How Controlled Burns Bring Life to the Pine Island Marshes

The end of prescribed fire season means the marshes are ready to grow back healthier for birds.

In late winter, you might see a plume of smoke rising from Audubon’s Donal C. O’Brien, Jr. Sanctuary at Pine Island, but rest assured that is just part of our annual marsh maintenance program.  

Burns take place in February and March, as wintering waterfowl depart but before the marsh birds make their nests. Within that seasonal window, trained contractors wait for proper wind conditions to ensure the safest burn possible and then set strategic, controlled fires to the marsh grass. 

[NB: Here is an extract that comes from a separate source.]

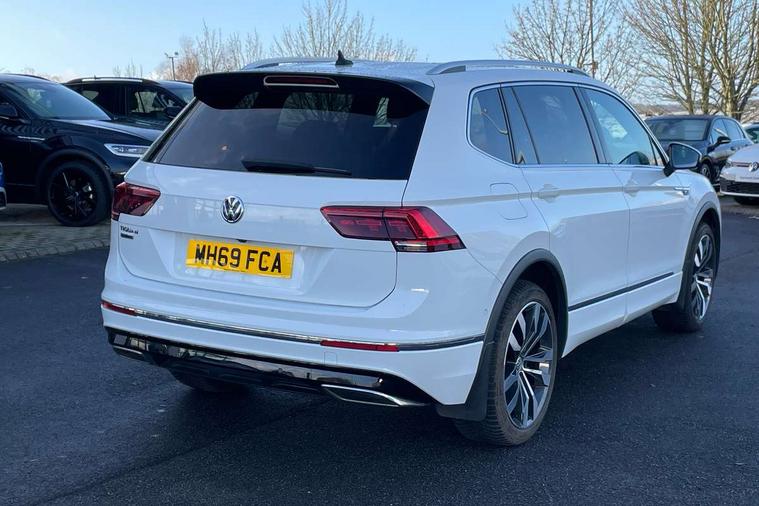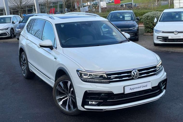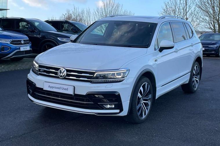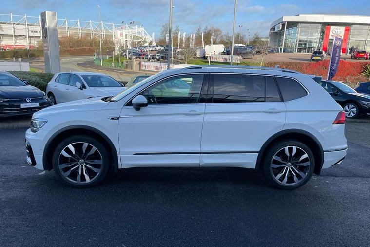 2D/3D map view, Active information display, Adaptive cruise control, App-Connect, Area view with park assist steering and front and rear parking sensors, Bluetooth phone integration system, Car information display, Driver alert system with fatigue detection, Driver profile selection, Electric operated opening and closing tailgate, Front assist, radar sensor controlled distance monitor, city emergency braking + predictive pedestrian protection, Instrument cluster, Lane assist, Lights on warning, Low washer fluid warning light, Outside temperature display, Progressive power assisted steering, Service interval indicator, Speed limiter, Start/Stop function, Warning sound and light for doors and tailgate open, Battery regeneration during braking, Sports suspension, 4 X 20 watt output, Aux-in socket, DAB Digital radio, Dynamic navigation based on TMC+, Music playback - MP3, WMA and AAC files, Premium USB cable in choice of either Apple or Android smartphone compatibility, SD card slot, Simultaneous pairing of 2 compatible mobile devices, SMS functionality - read, compose and send SMS messages using touch-screen display, Three route options - Fast, Short, Eco, Title and cover art display, USB connection, USB charging socket and volkswagen media control, 3D effect cherry red LED rear tail lights, Aluminium decorative inserts in dash and door panels, Auto dimming interior mirror, Automatic activation of hazard warning lights, Body colour door handles, Body colour door mirrors, Body colour roof spoiler, Chrome side window surrounds, Chrome trimmed radiator grille, Coming/leaving home lighting function, Dusk sensor + auto driving lights, Electric panoramic sunroof with sunblind, Electrically heated and foldable door mirrors, door mirror puddle lights and reverse activated kerb view adjustment on passenger's door mirror, Front and rear electric windows, Heated rear window, High level 3rd brake light, LED headlights with dynamic light assist daytime running lights and cornering front fog lights, LED rear number plate lights, Left and right chrome effect trapezoid dummy exhaust tailpipe surrounds, Piano black front air intake and rear diffuser, Rain sensor windscreen wipers, Rear tinted glass from B-pillar backwards approx 65% tinted, Rear windscreen washer and wiper with interval delay, Silver anodised roof rails, Unique R Line badging, Windscreen wipers/ intermittent wipe + 4 position delay, 12V socket in centre console storage area, 12V socket in luggage compartment, 12V socket on rear of front centre armrest, 2 cup holders in front, 2 head restraints in 3rd row, 2 individual 3rd row seats, 3 head restraints in 2nd row, 3 single seats foldable in 2nd row, 3 zone climate control, 4 load lashing points, 40:20:40 split folding rear bench seat, Bag hook in luggage compartment, Black headlining, Foldable front passenger seat backrest, Front + rear carpet mats, Front centre armrest with storage compartment, longitudinal and height adjustable and two rear air vents, Front seat back storage pockets, Front seatback folding tables, Front sports seats with R-Line logo on seat backrest, Height/reach adjust steering wheel, Illuminated driver/passenger vanity mirrors, Illuminated scuff plates, Instrument lighting white adjustable panel illumination, Interior light with delay, Isofix Preparation 2 Rear child seats, Leather gear knob, Leather trimmed three spoke multifunction steering wheel with aluminium inserts and paddle shift, Load through provision with 2 cupholders when folded, Lockable cooled glovebox, Luggage compartment lighting, Luggage compartment side storage, Passenger seat height adjuster, Rear cupholders, Removable luggage cover, Sliding/reclining rear seats, Split folding rear bench seat, Stainless steel pedals, Storage compartment in drivers and front passengers door, Storage compartment in rear doors, Storage tray on dashboard, Sunglasses storage, Unique R Line door sill protectors, Variable boot floor, height adjustable and removable, Ambient lighting pack - Tiguan Allspace R Line Tech, R Line styling pack - Tiguan Allspace, 3 point seatbelts on all seats, ABS+EBD+Brake assist, Active bonnet, Active pedestrian safety system, Curtain airbags, Driver/Front Passenger airbags, Driver/Passenger whiplash optimised head restraints, Drivers knee airbag, Electronic parking brake with auto hold, ESC with EDL, ASR, EDTC and trailer stabilisation function, First aid kit, Front seat side impact airbags, Front side airbags, Front ventilated disc brakes and rear disc brakes, Head airbag system, Height adjustable front 3 point seatbelts + pretensioners, Hill hold control, Passenger airbag deactivate switch, Passenger knee airbag, Pre crash system, Rear side airbags, Rigid safety cell with front and rear crumple zones, Seatbelt warning lamp and buzzer, Two tone horn, Volkswagen roadside assistance, Warning sound and light for front seat belts if unfastened, Warning triangle, Alarm with interior protection, Electronic engine immobiliser, Keyless entry system including start/stop button on centre console, Remote central locking with 2 remote folding keys, Chrome door trim inserts, Piano black interior trim, 20" Suzuka alloy wheels with mobility self sealing tyres + anti theft wheel bolts, Steel space saver spare wheel,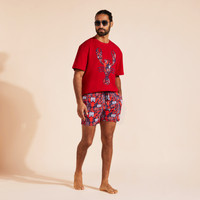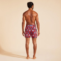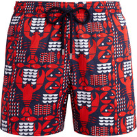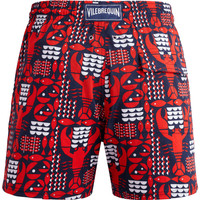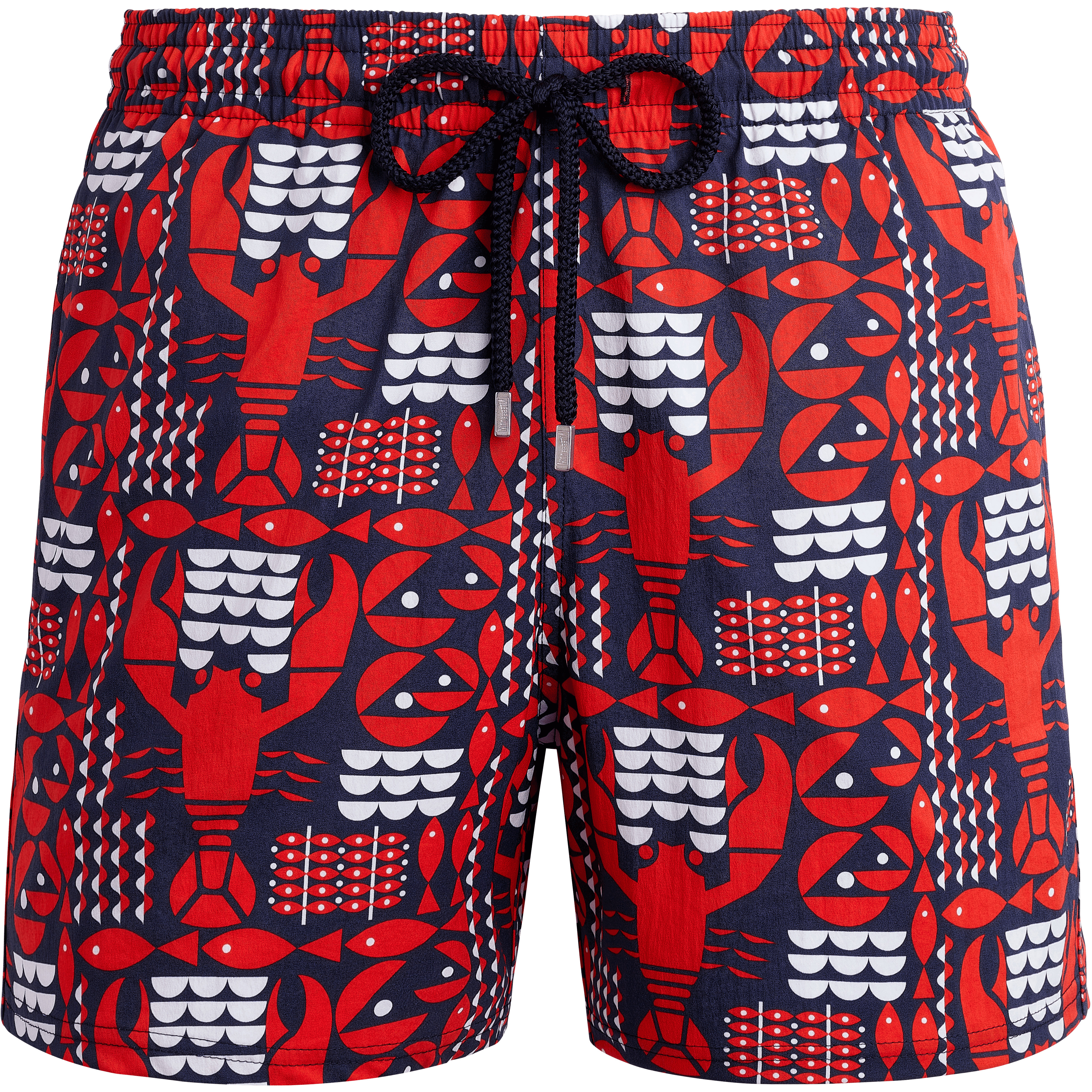 A flattering poolside essential – these swim shorts from recycled polyamide and elastane feature an elastic waistband and drawstring for added comfort. - Shorter length swim trunks with stretch fabric - Elastic waistband with drawstring and zamac tips engraved Vilebrequin - Two side pockets and one rear couture pocket with velcro flap - Two back eyelets allow water to drain and reduce the "balloon” effect when emerging from the water - Side leg length in M: 36.8 cm - slightly shorter than a Moorea classic style - The model is 180cm tall and wears a size M - Men Swim Shorts - Men Swim Shorts Graphic Lobsters - 98% Recycled Polyamide - 2% Elastane

Controlled burns are important to the conservation of birds and wildlife living at the sanctuary. The process mimics the natural renewal cycle created when lightning strikes set the grass ablaze.  

The fires clear out woody growth—shrubs and small trees—that encroach into the marsh. 

Fire also helps get rid of aggressive plants and cycles nutrients through the wetlands. The combination of more sunlight reaching the bottom of the marsh and new nutrients from the burned plant material helps supercharge the growth of native grasses.  

Before long, new grasses sprout up, providing food and shelter during the nesting season for a host of marsh-dependent birds species, from Seaside Sparrows to secretive species like King Rails and Least Bitterns.  

We're also testing whether fire can be used as a tool to improve habitat for the federally threatened and ultra-secretive Black Rail. Our partners who work in neighboring parts of the North Carolina coast, where Black Rails are more established, improve habitat for this species using prescribed marsh burns—N.C. Wildlife Resources Commissions burned an area for Black Rails in Carteret County earlier this month—and we're hopeful that we can adopt their techniques. 

At Pine Island, we currently burn each area every five years on a rotating cycle, so that only small sections of marsh burn each year. Striking the right balance is important. Too frequent fires can reduce the ability of marshes to rise with the water level over time. Too infrequent and the habitat becomes less diverse. 

By protecting and restoring the marshes of Pine Island and Currituck Sound, we’re helping birds and also keeping the marsh intact for local communities. The wetlands filter water, reduce erosion, and serve as a buffer against extreme weather.